The US Supreme Court has cleared the way for Texas to use a new congressional map, which could help Republicans try to increase their majority in the upcoming 2026 midterm elections.
Thursday's unsigned decision came after Texas filed an emergency request last month to block a lower-court ruling that blocked the new map, which was passed by the state legislature and signed into law by Republican Governor Greg Abbott in August.
In a clear 6-3 decision, the Supreme Court stated that "in its initial evaluation of this case," Texas met the conditions for emergency relief and that the lower court "made at least two serious errors."
Three liberal justices dissented.
The order states, "The District Court wrongly involved itself in an active primary campaign, causing significant confusion and upsetting the delicate federal-state balance in the election."
In November, a lower court in Texas ruled that evidence showed that new voting districts were "racially gerrymandered" and ordered the state to use the congressional lines it had in place before redistricting earlier this year.
In the US, gerrymandering—the redrawing of electoral boundaries to favor a political party—is illegal only if it is based on race.
The mid-decade redistricting was challenged when Democratic lawmakers in Texas fled the state over the summer to prevent voting on the new map, sparking a rush in other states to change theirs.
California proposed a new map to offset Texas's advantages, which voters approved during the November special election. The US Justice Department is suing the state over the redistricting plan.
In November, Indiana became the latest battleground in a nationwide political tug-of-war, and other states—including Utah and North Carolina—have also joined the fray.

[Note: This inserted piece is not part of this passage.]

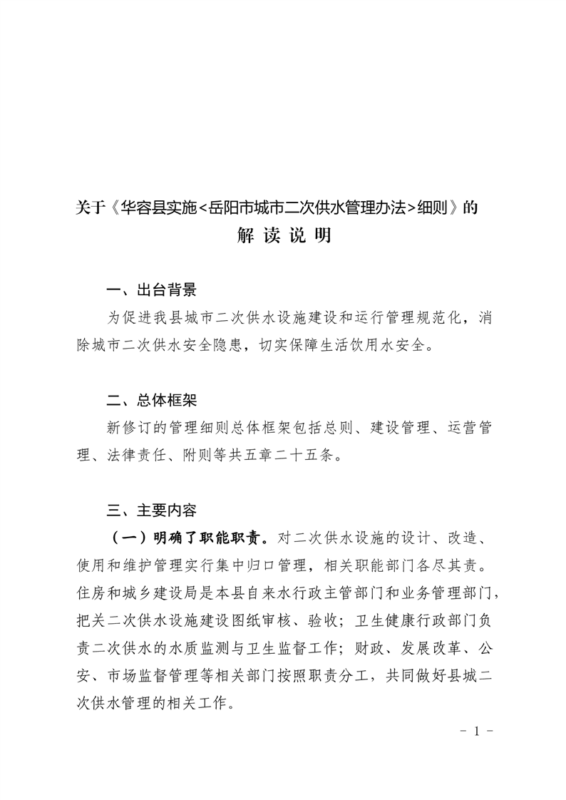 【部门解读】关于《华容县实施岳阳市城市二次供水管理办法细则》的解读说明

The Supreme Court's decision is a victory for President Donald Trump. The new map could add five more Republican seats in the midterm elections as the party fights to maintain its slim majority, and the president had filed a brief urging the top court to rule in Texas's favor. However, in her lengthy dissent to Thursday's order, liberal Justice Elena Kagan said it was "unjust to the millions of Texans whom the district court found were redrawn in their new districts based on their race."
The court's three conservative justices, in a short opinion, rejected the finding that Republicans in Texas redrew the electoral map based on race.

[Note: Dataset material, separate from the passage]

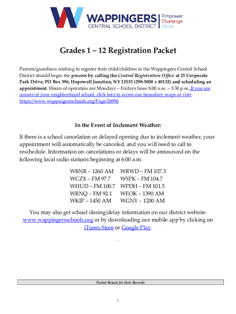 Grades 1 12 Registration Packet Parents/guardians wishing to register their child/children in the Wappingers Central School District should begin the process by calling the Central Registration Office

It is "without a doubt" that the motivation for adopting the Texas map—and later the newly drawn map in California—was "clear partisan advantage," wrote Justice Samuel Alito, joined by Justices Neil Gorsuch and Clarence Thomas.

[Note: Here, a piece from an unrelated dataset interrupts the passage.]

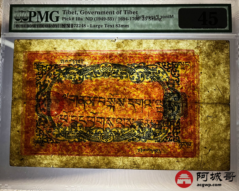Lot:22 民国时期 西藏纸币 25两 PMG 45 原汁原味

Texas Governor Abbott celebrated the legal victory, praising the high court for restoring the state's redistricting map, saying: "We won! Texas is officially—and legally—redder."
He added, "The new congressional districts better align our representation in Washington, D.C., with our state's values. This is a victory for Texas voters, common sense, and the U.S. Constitution."
Furthermore, Gene Wu, the leader of the Democratic Party in the Statehouse, said the court failed Texas voters and American democracy.
"This is what the end of the Voting Rights Act looks like: courts that won't protect minority communities, even when the evidence is in front of them."
Congressman Hakeem Jeffries, who leads Democrats in the House of Representatives in Washington, DC, criticized the Texas map, calling it "a partisan and racially discriminatory power grab designed to subvert the will of voters."